## What to work on
Reproduce the entries shown below only from the line with "Измерительная рулетка REXANT" down to the line with "Aligator ACM003 - Tragbare", keeping both end lines and copying each one exactly.
━━━━━ Data listing
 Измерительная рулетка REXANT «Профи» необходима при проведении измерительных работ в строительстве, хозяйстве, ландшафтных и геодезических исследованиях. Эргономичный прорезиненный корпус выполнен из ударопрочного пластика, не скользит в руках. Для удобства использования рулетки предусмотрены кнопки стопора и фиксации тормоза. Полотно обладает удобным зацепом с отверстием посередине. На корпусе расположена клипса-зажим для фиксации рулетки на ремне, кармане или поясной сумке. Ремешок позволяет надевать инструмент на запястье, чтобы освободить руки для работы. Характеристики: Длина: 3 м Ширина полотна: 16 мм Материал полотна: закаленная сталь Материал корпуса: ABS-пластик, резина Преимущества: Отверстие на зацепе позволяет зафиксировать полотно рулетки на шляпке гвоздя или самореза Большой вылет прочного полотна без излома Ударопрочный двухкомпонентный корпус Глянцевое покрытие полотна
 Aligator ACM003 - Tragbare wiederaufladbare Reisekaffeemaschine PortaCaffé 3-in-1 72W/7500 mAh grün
━━━━━━━━━━
━━━━━ Data listing
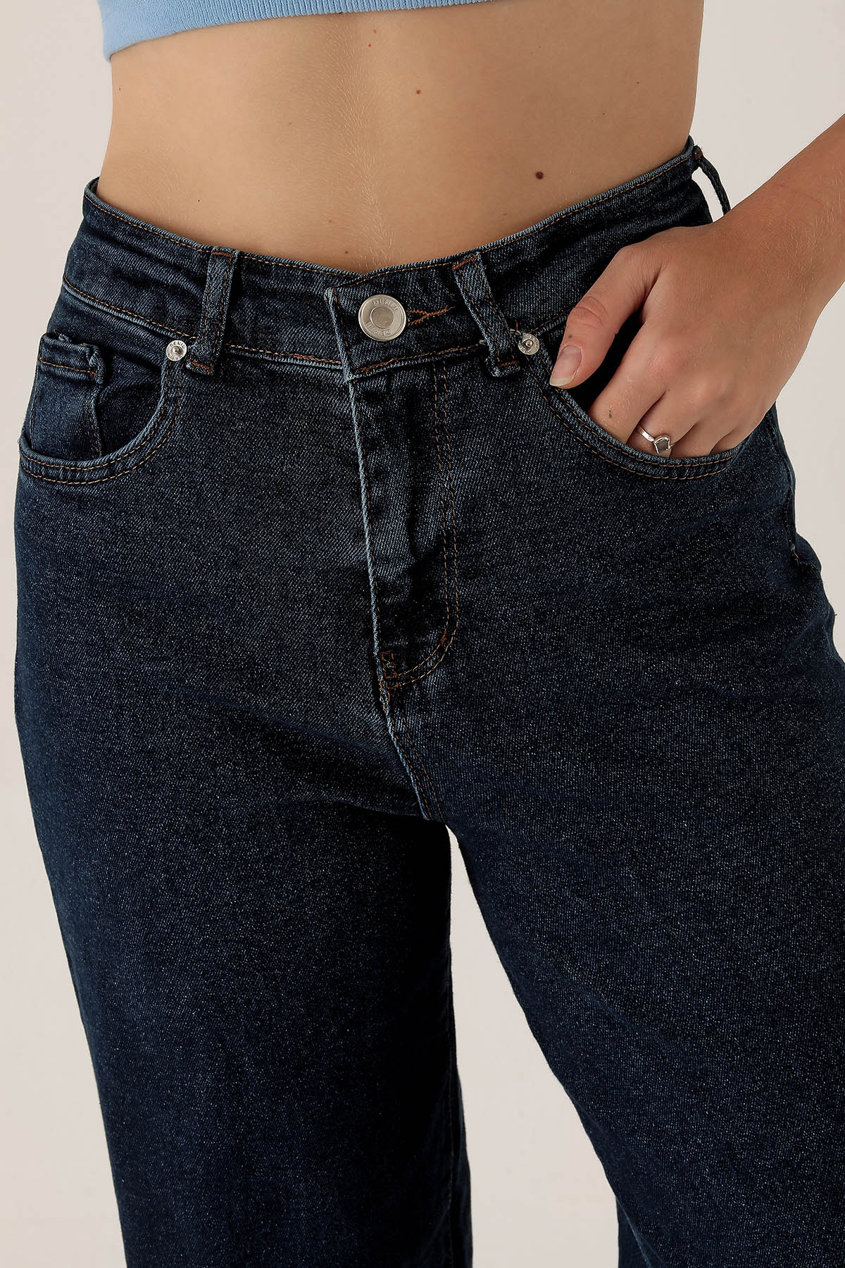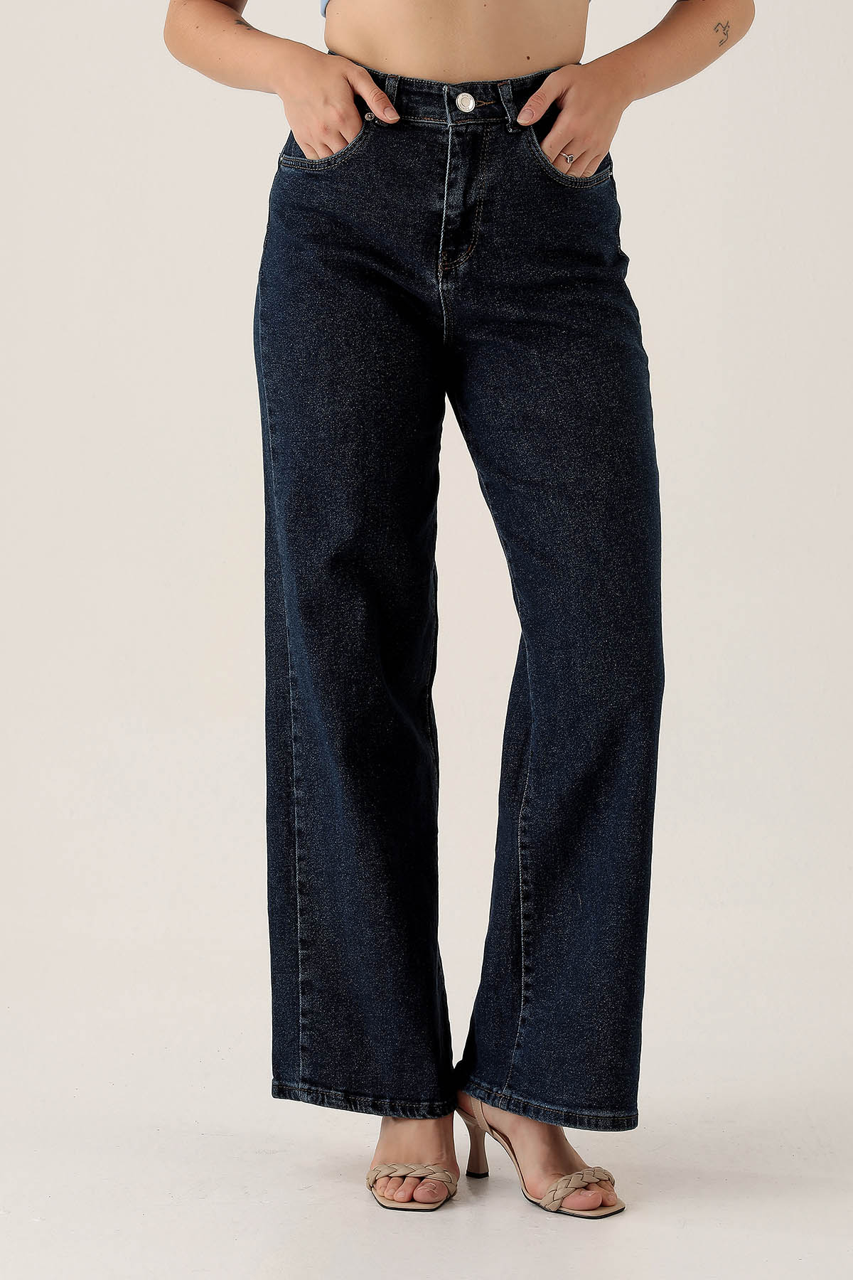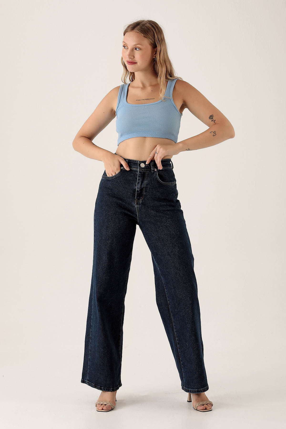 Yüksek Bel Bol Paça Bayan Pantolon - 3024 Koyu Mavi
━━━━━━━━━━
## Answer to the exercise
 Измерительная рулетка REXANT «Профи» необходима при проведении измерительных работ в строительстве, хозяйстве, ландшафтных и геодезических исследованиях. Эргономичный прорезиненный корпус выполнен из ударопрочного пластика, не скользит в руках. Для удобства использования рулетки предусмотрены кнопки стопора и фиксации тормоза. Полотно обладает удобным зацепом с отверстием посередине. На корпусе расположена клипса-зажим для фиксации рулетки на ремне, кармане или поясной сумке. Ремешок позволяет надевать инструмент на запястье, чтобы освободить руки для работы. Характеристики: Длина: 3 м Ширина полотна: 16 мм Материал полотна: закаленная сталь Материал корпуса: ABS-пластик, резина Преимущества: Отверстие на зацепе позволяет зафиксировать полотно рулетки на шляпке гвоздя или самореза Большой вылет прочного полотна без излома Ударопрочный двухкомпонентный корпус Глянцевое покрытие полотна
 Aligator ACM003 - Tragbare wiederaufladbare Reisekaffeemaschine PortaCaffé 3-in-1 72W/7500 mAh grün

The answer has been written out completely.